===== WORKING DATA =====

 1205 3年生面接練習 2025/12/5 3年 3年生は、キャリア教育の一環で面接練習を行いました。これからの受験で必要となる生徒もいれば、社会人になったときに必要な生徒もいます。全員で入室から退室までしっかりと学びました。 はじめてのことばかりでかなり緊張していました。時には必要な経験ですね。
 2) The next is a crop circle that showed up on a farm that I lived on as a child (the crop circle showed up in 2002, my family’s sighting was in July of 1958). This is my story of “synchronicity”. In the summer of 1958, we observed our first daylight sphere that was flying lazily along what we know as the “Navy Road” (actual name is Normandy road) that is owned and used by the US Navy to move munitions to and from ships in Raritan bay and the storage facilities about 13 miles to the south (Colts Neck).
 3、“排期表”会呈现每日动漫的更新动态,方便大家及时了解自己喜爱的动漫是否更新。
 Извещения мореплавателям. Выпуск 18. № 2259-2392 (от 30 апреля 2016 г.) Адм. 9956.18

=====
===== WORKING DATA =====

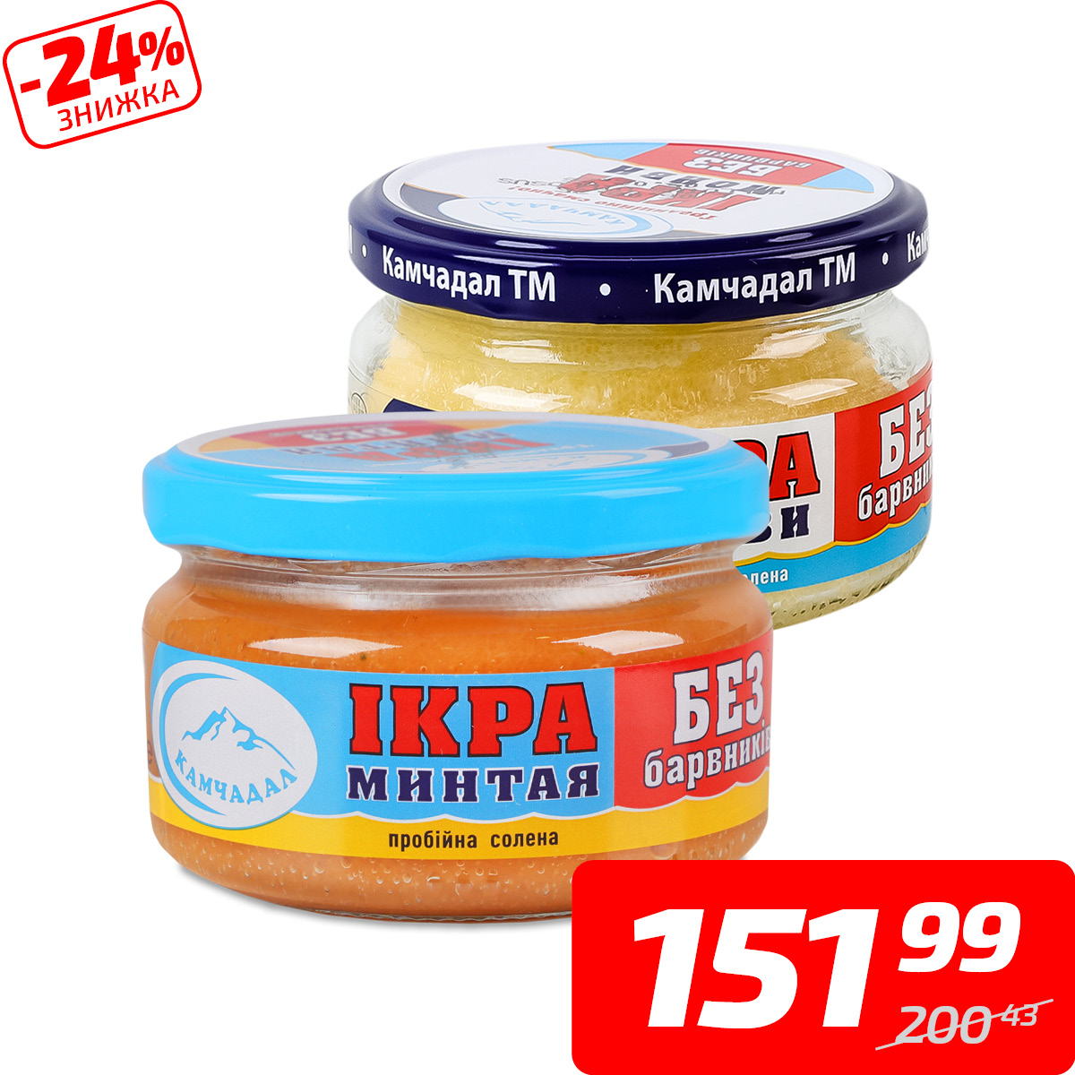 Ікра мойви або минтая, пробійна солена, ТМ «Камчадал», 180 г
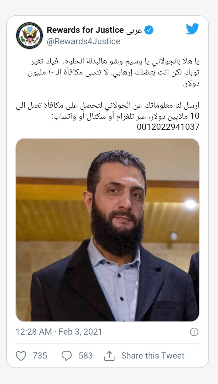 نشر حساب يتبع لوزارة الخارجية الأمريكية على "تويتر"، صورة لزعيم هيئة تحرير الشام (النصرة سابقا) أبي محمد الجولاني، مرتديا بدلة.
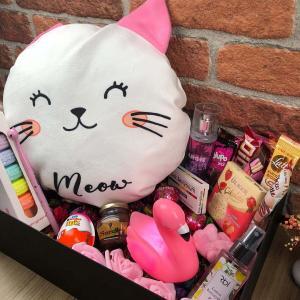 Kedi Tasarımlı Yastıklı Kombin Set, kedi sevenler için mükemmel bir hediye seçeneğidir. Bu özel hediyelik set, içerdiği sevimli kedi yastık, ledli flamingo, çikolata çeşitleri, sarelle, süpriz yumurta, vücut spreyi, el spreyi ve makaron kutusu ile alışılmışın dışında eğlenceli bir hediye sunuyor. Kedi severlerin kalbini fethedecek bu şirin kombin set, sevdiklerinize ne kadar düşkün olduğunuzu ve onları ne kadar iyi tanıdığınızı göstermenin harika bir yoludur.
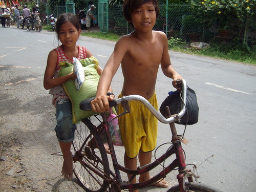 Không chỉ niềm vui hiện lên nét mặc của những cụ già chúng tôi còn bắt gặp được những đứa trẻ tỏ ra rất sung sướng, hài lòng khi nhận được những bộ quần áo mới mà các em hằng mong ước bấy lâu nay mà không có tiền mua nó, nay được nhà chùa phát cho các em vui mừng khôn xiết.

=====

§ EXERCISE AIM
Reproduce word for word the material above, beginning with the line that contains "1205 3年生面接練習 2025/12/5" and ending with the line that contains "Извещения мореплавателям. Выпуск".

§ SOLUTION
 1205 3年生面接練習 2025/12/5 3年 3年生は、キャリア教育の一環で面接練習を行いました。これからの受験で必要となる生徒もいれば、社会人になったときに必要な生徒もいます。全員で入室から退室までしっかりと学びました。 はじめてのことばかりでかなり緊張していました。時には必要な経験ですね。
 2) The next is a crop circle that showed up on a farm that I lived on as a child (the crop circle showed up in 2002, my family’s sighting was in July of 1958). This is my story of “synchronicity”. In the summer of 1958, we observed our first daylight sphere that was flying lazily along what we know as the “Navy Road” (actual name is Normandy road) that is owned and used by the US Navy to move munitions to and from ships in Raritan bay and the storage facilities about 13 miles to the south (Colts Neck).
 3、“排期表”会呈现每日动漫的更新动态,方便大家及时了解自己喜爱的动漫是否更新。
 Извещения мореплавателям. Выпуск 18. № 2259-2392 (от 30 апреля 2016 г.) Адм. 9956.18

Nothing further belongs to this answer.